Below are records to retype exactly, except for the pictures.

----------

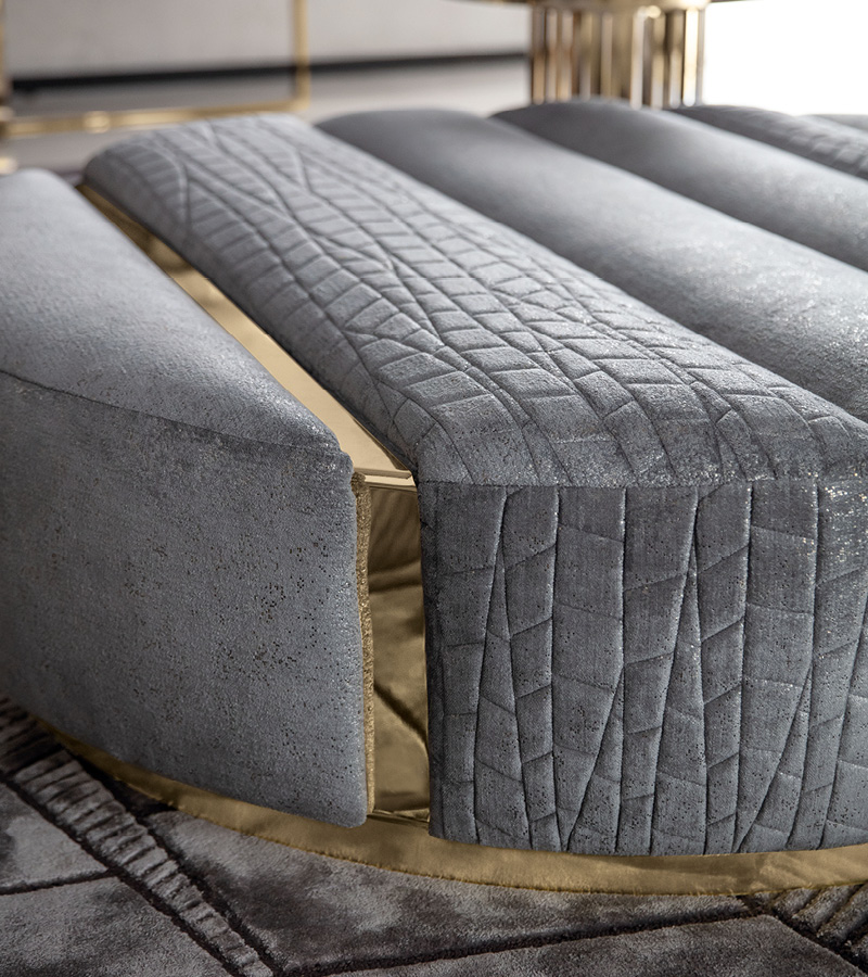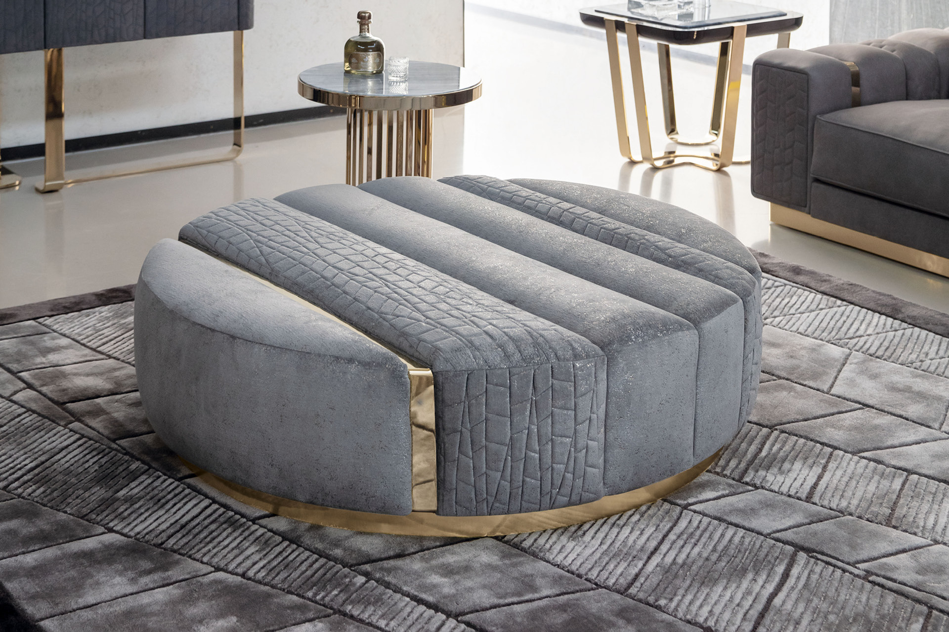 Round ottoman available in first grade leather, nubuk leather, lizard printed leather, velvet or suede fabric. Seat in special stitching in polyurethane foam wrapped in down feather. Center part realized in quilted finish. Base and metal trim in light gold chrome stainless steel with Giorgio Collection logo.
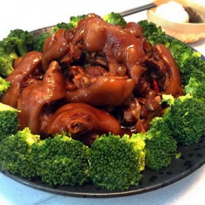 拣掉猪蹄里的香料,盛盘。在烧猪蹄时准备好西兰花用水加盐烫熟。摆在猪蹄周围装饰。
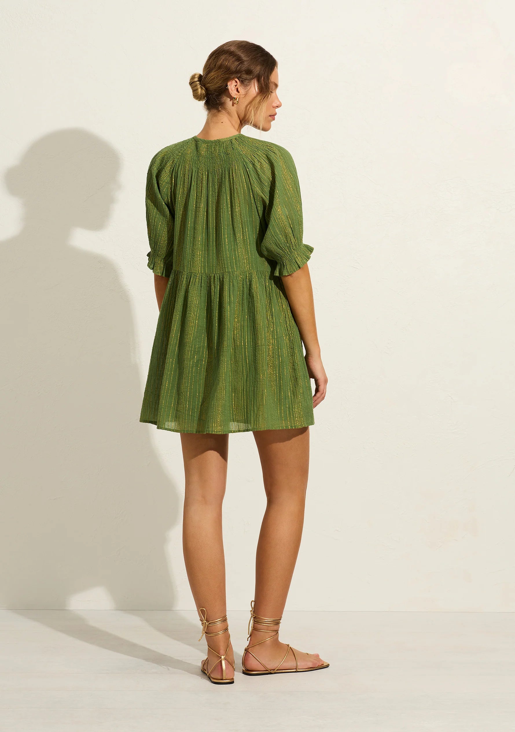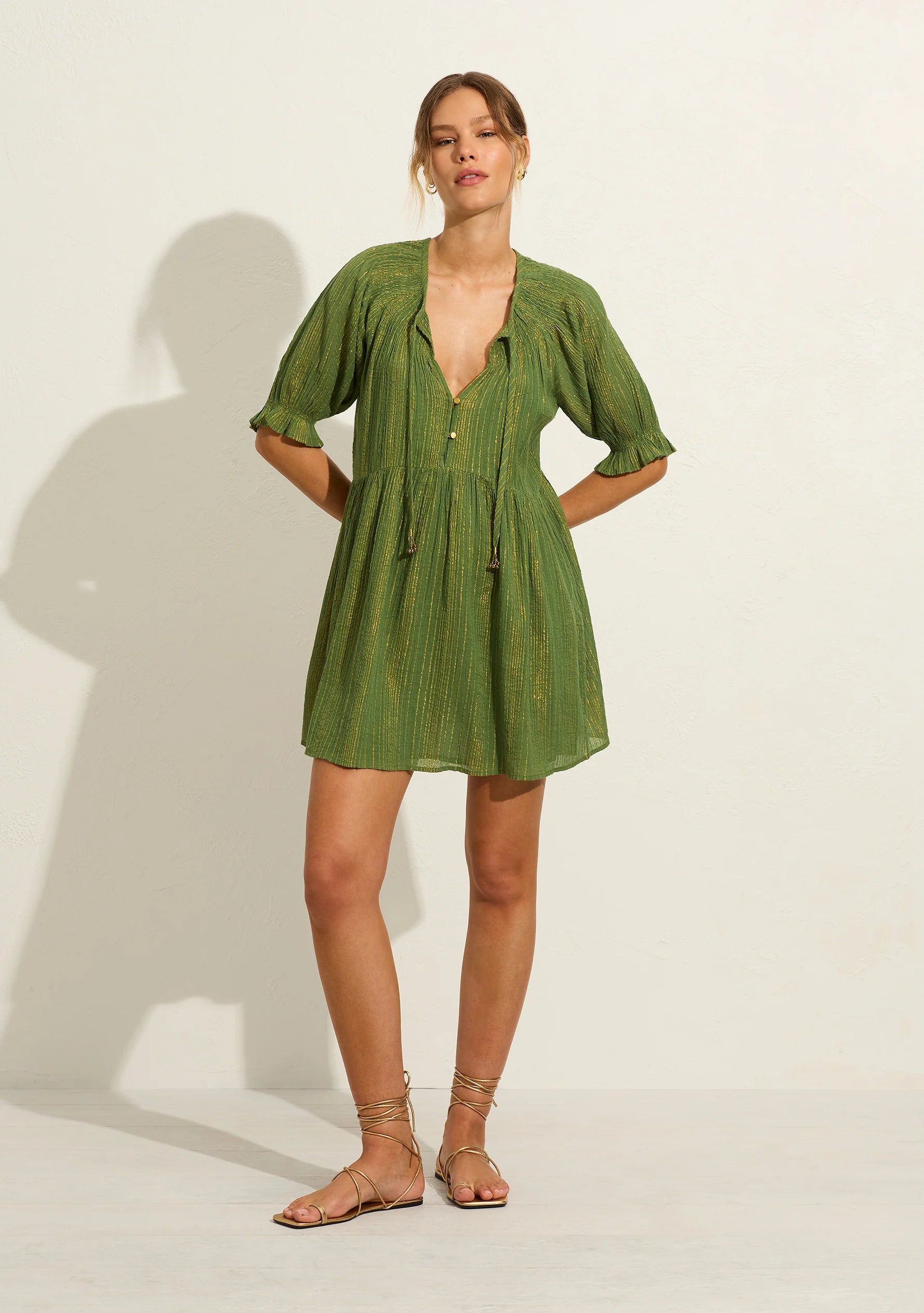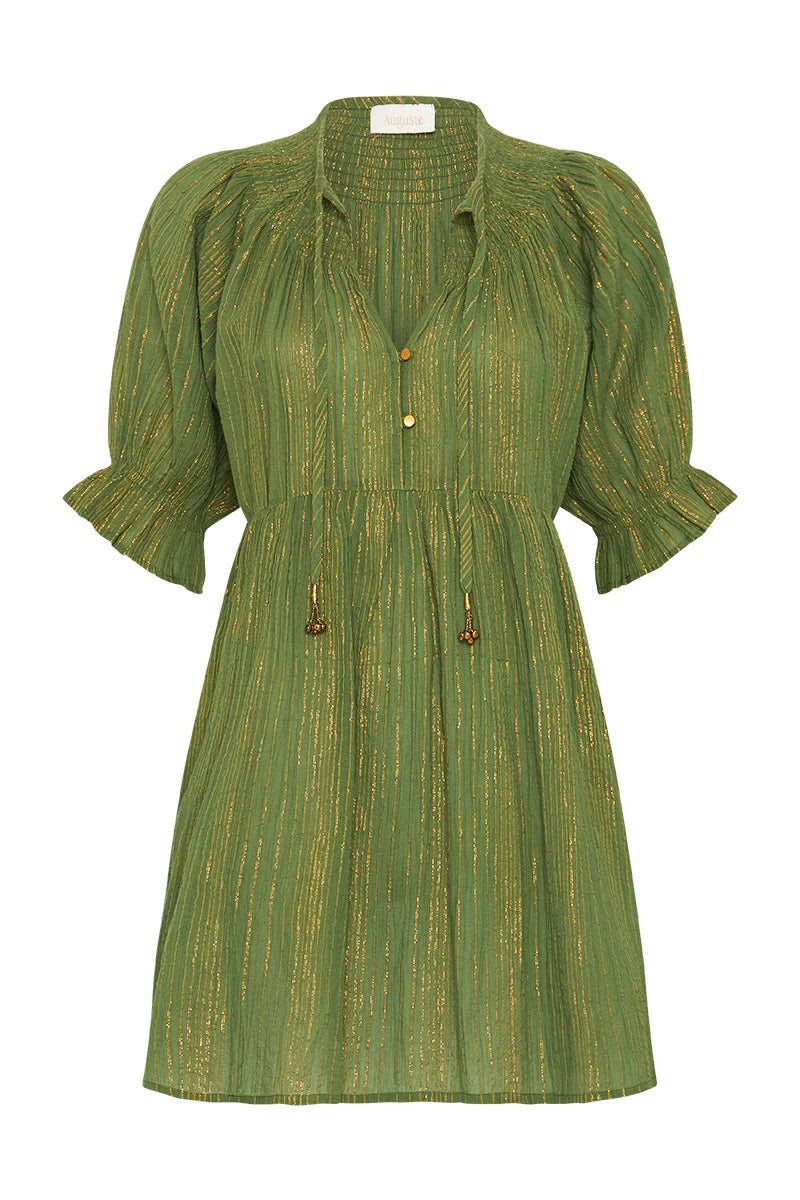 The seasonal green Brielle Mini Dress features our signature gold lurex thread, a charming V neckline with an optional tie, shirring around the neckline, and raglan puff sleeves with elastic cuffs. It's endlessly versatile, you won't want to take it off.
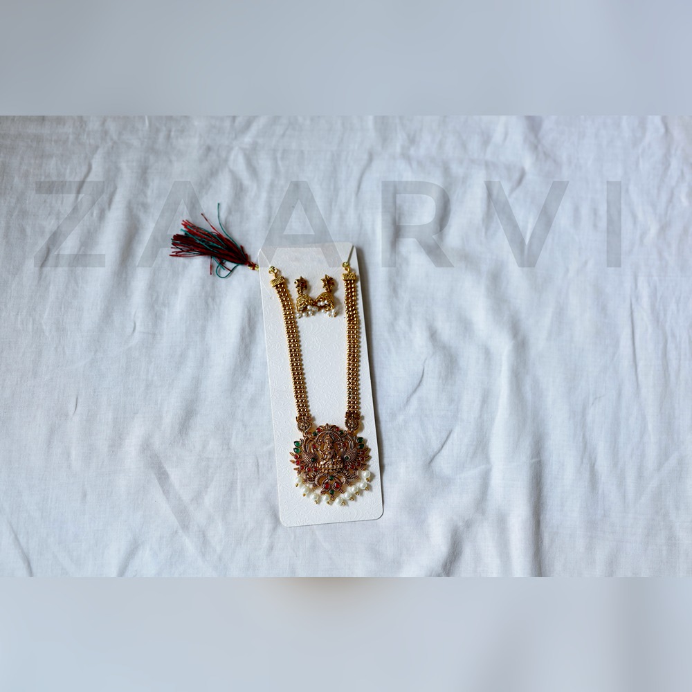 This bold and regal Adjustable Long Haram Necklace Set features a striking traditional design inspired by classic South Indian temple jewellery. The long chain is beautifully detailed with intricate gold-toned beadwork, leading to a grand central pendant adorned with multistone embellishments in vibrant red and green hues. The pendant showcases fine craftsmanship with delicate motifs and is enhanced with graceful pearl drops that add movement and charm. Paired with matching earrings, this set creates a regal and festive look, making it an ideal choice for weddings, cultural celebrations, and traditional occasions.
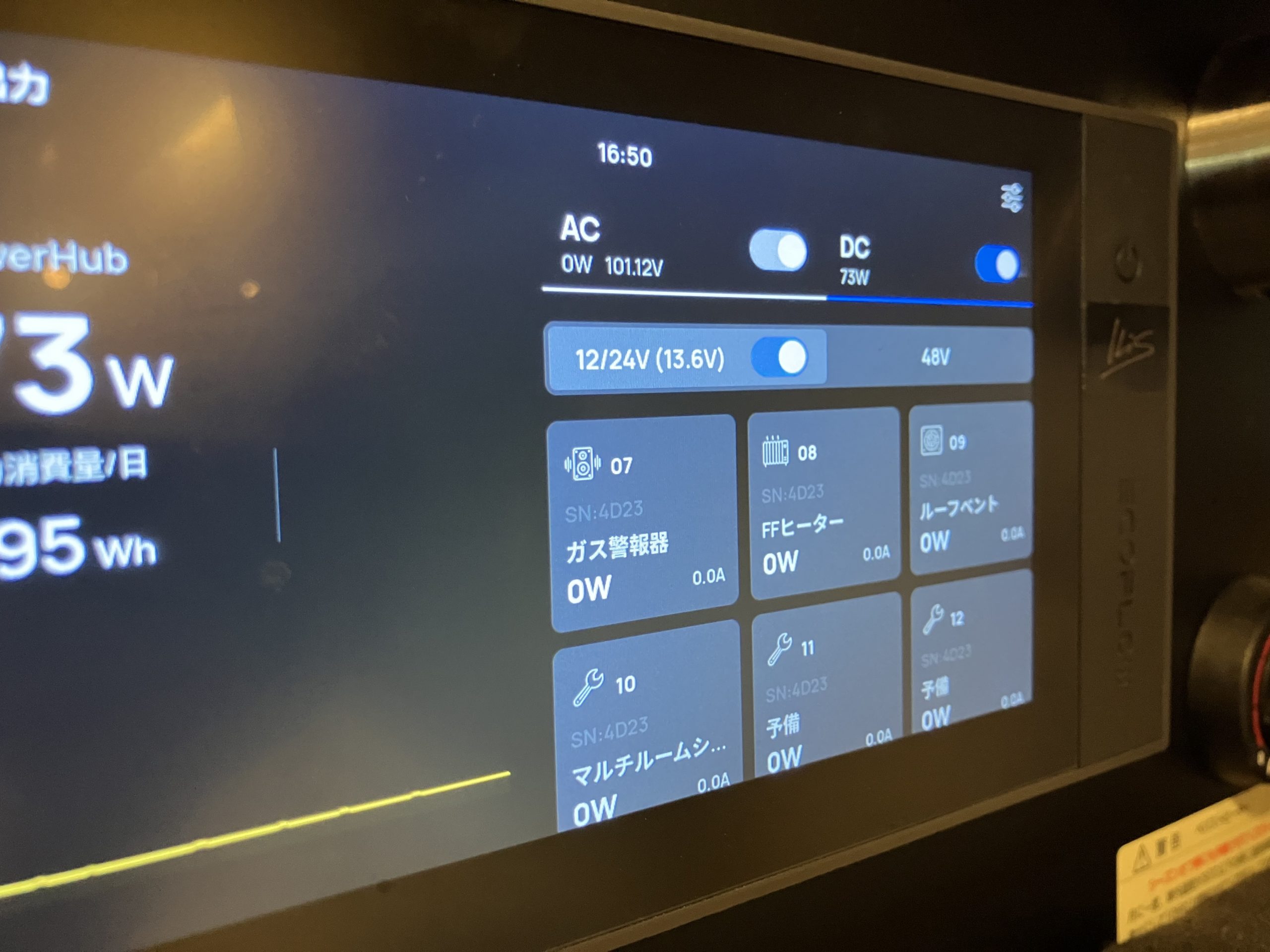 DCのON/OFFボタンと同様に【12/24V】のON/OFFボタンでも出力を一括操作することが可能です。

----------

- Exercise solution:
 Round ottoman available in first grade leather, nubuk leather, lizard printed leather, velvet or suede fabric. Seat in special stitching in polyurethane foam wrapped in down feather. Center part realized in quilted finish. Base and metal trim in light gold chrome stainless steel with Giorgio Collection logo.
 拣掉猪蹄里的香料,盛盘。在烧猪蹄时准备好西兰花用水加盐烫熟。摆在猪蹄周围装饰。
 The seasonal green Brielle Mini Dress features our signature gold lurex thread, a charming V neckline with an optional tie, shirring around the neckline, and raglan puff sleeves with elastic cuffs. It's endlessly versatile, you won't want to take it off.
 This bold and regal Adjustable Long Haram Necklace Set features a striking traditional design inspired by classic South Indian temple jewellery. The long chain is beautifully detailed with intricate gold-toned beadwork, leading to a grand central pendant adorned with multistone embellishments in vibrant red and green hues. The pendant showcases fine craftsmanship with delicate motifs and is enhanced with graceful pearl drops that add movement and charm. Paired with matching earrings, this set creates a regal and festive look, making it an ideal choice for weddings, cultural celebrations, and traditional occasions.
 DCのON/OFFボタンと同様に【12/24V】のON/OFFボタンでも出力を一括操作することが可能です。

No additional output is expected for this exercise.